The world’s largest retailer persuaded 5,900 suppliers to improve their energy efficiency and redesign their packaging, among other measures.

Walmart store

A grocery store aisle at a Walmart Store in Norfolk, Nebraska, with no people. Image via Shutterstock/Joni Hannebutt

Walmart President and CEO Doug McMillon used his earnings call this week to announce that the company’s suppliers have delivered on its supply chain sustainability program, Project Gigaton, six years ahead of schedule.

Walmart’s suppliers have avoided, reduced or sequestered 1 billion metric tons of greenhouse gas emissions, McMillon told financial analysts. That’s more than the annual emissions for all of Germany. This accomplishment came during a year of strong growth for the company: For FY 2024, ended Jan. 31, Walmart reported revenue of $648 billion, up 6 percent. Its GAAP earnings per share were $5.74, up 34.4 percent.

"From scaled businesses to our faster-growing newer businesses, we're well on track to continue to hit the financial targets we laid out and make important investments for the future," McMillon said during the call. "And while we do this, we can grow in a way that helps us achieve our goals of creating opportunities for our associates and becoming a more sustainable business."

5,900 suppliers and counting

Project Gigaton, announced in 2017, was among the first corporate initiatives centered solely on addressing Scope 3 emissions— indirect emissions from suppliers and vendors — which typically represent the largest portion of a company’s carbon footprint. The company crossed the halfway point for the program in 2022, when it reached a cumulative reduction of 574 million metric tons. At that time, Project Gigaton included more than 4,500 suppliers.

Walmart reported a cumulative reduction of more than 750 million metric tons for Project Gigaton through the 2023 calendar year. Suppliers representing more than 75 percent of the company’s U.S. sales were involved, more than 5,200 suppliers at the time. (There are now 5,900 in the program.) As of the update, Walmart had cut its Scope 1 and 2 operational emissions by 23.2 percent to approximately 14 million metric tons for calendar year 2021, down from almost 20 million metric tons in 2015.
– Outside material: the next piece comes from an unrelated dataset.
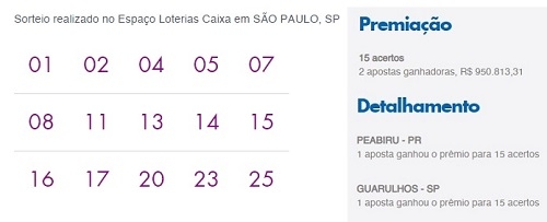 Um aposta feita em Peabiru foi uma duas duas ganhadoras da Lotofácil sorteada nesta segunda-feira.

‘Practical things’ drive emissions reductions

While McMillon didn’t offer additional details on the call — and no analysts broached a question about Project Gigaton — he said the success of the program had come through "practical things like energy efficiency, packaging redesign, and load optimization."

"We'll continue to work with our suppliers on real initiatives with real-world impacts that make our products better and our business stronger," he said.

Several factors contributed, said Walmart Chief Sustainability Officer Kathleen McLaughlin, in a blog about the milestone. They included:

  • A willingness to be flexible about requirements, depending on the size of the supplier.
  • Clearer expectations about what it takes to be considered a "guru" within the program. The latest change required suppliers to share their entire operational emissions footprint and not just the results of reduction projects.
  • Offering tools to help suppliers achieve their commitments, such as the Gigaton PPA program, which helps them procure renewable energy. 

Even though Project Gigaton is essentially done, the program isn’t going away, said McLaughlin.

"We are enhancing estimates of our Scope 3 footprint, informed by emerging greenhouse gas standards and guidance," she wrote. "We are assessing which elements of our Scope 3 footprint are addressable and which elements are largely outside our control, which reductions can be achieved through low-cost interventions and which ones are expensive or not feasible through today’s technology."